Diet Classics is spending $8 million to $10 million in the first year on advertising alone and so far has spent about $2 million on product development.


Even on the marketing side, though, there have been hurdles. Wal-Mart, the national powerhouse in general merchandise, didn’t like the initial pricing concept and declined to carry the product because it was going to sell for just 20 percent less than the national brands.


“That taught us a big lesson,” Burke said. “We had to bring in a third pricing and business model; with slimmer margins we ended up being able to come out at lower prices.”



Risky coattail riding?

Not everyone shares Burke’s belief that he’s insulated from legal challenges.

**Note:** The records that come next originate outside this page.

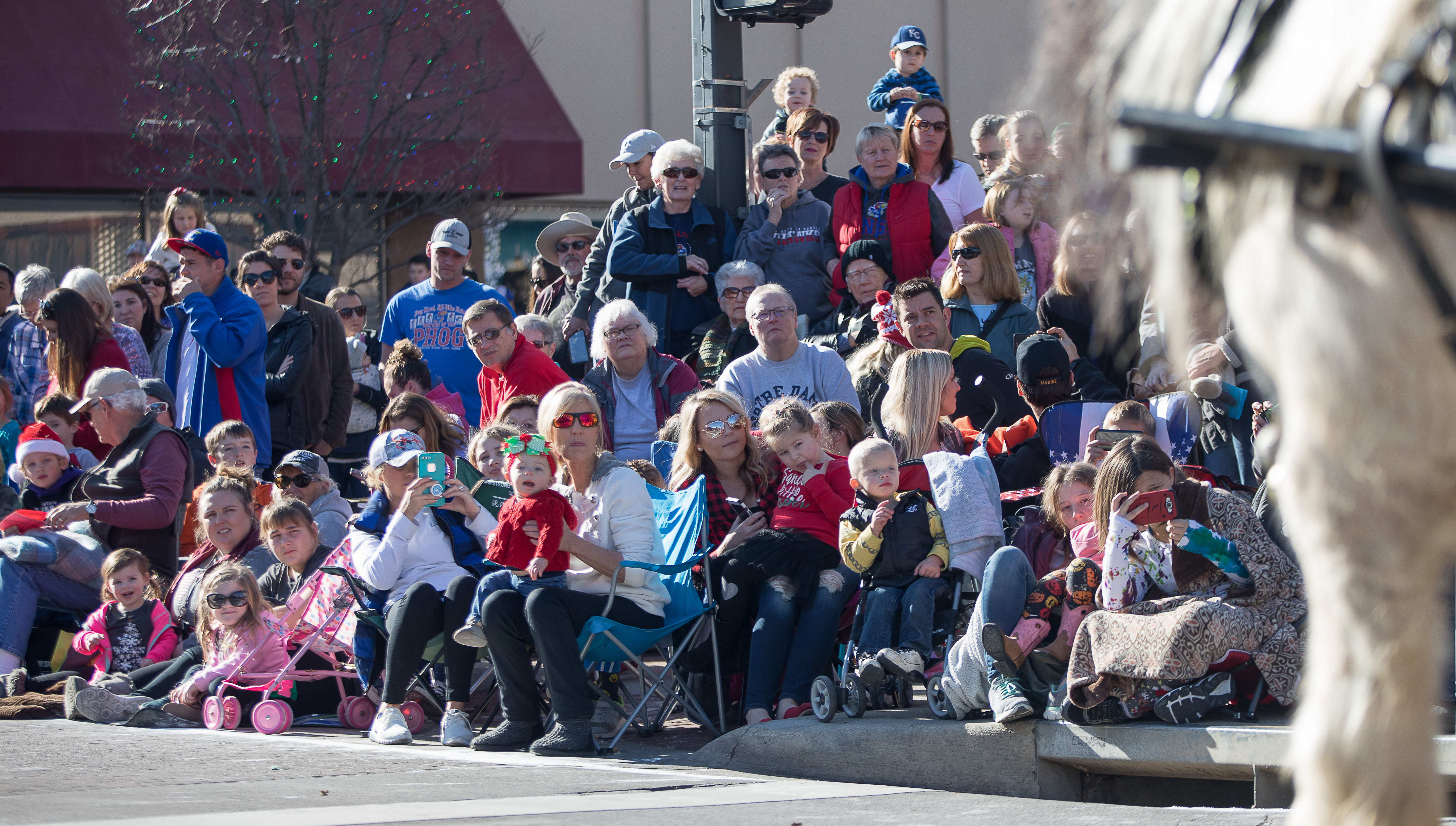 A crowd watches passing horses and carriages in downtown Lawrence during the 25th Lawrence Old Fashioned Christmas Parade Saturday, Dec. 2, 2017.
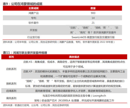 鸿湖万联子公司负责OpenHarmony相关业务,已推出八款开发板及模组、3款行业发行版及多个商用设备,完成全志、瑞芯微、龙芯等主流芯片代码适配。截至2022.6.30,鸿湖万联已接入SKU超过900款,覆盖400+合作伙伴。
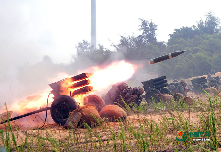 A PLA artillery regiment conducts a live fire drill on July 18, 2015, shooting at marine targets. (Photo/www.81.cn)
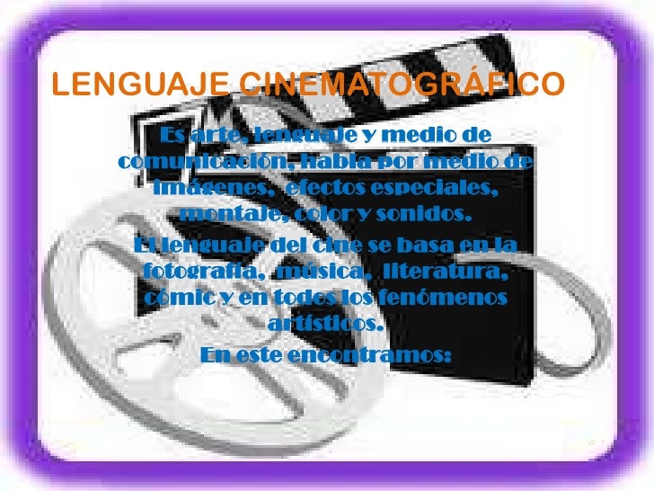 2. 2. LENGUAJE CINEMATOGRÁFICO<br />Es arte, lenguaje y medio de comunicación, habla por medio de imágenes, efectos especiales, montaje, color y sonidos. <br />El lenguaje del cine se basa en la fotografía, música, literatura, cómic y en todos los fenómenos artísticos. <br />En este encontramos:<br />
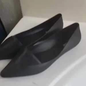 Sleek black flats by Melissa. Features a textured toe detail. Perfect for everyday wear.

“Is riding coattails and marketing by reference an implied claim based on the original marketer’s claims?” asked Loeb & Loeb attorney Michael Mallow, who has worked on diet product cases in the past, as well as antitrust law. “That’s the question. The FTC takes significant liberal license with an implied claim, and could in some cases hold the generic manufacturer liable.”


The Federal Trade Commission announced in January that it had recovered $25 million to settle allegations of deceptive marketing from Xenadrine EFX, CortiSlim, TrimSpa, and One-A-Day WeightSmart some of the very products that Diet Classics’ formulas emulate.


“I think they have a defensible position if regulators come knocking on door, but the thought that nobody will come knocking is a bit na & #271;ve,” Mallow said. “It’s a great business idea, but by making those comparisons there could be some implied claim; they need to make some disclaimer that they are not purporting to claim that these other products work either.”



Diet Classics LLC


Year founded:

2006


Core business:

Manufacturing and marketing a line of generic weight loss products similar to leading national brands


2006 Employees:

14


2007 Employees:

20


Goal:

Convert users of name-brand diet products into Diet Classics customers by offering substantial cost savings on similar product formulas


Driving Force:

Desire of consumers to spend less on weight control products.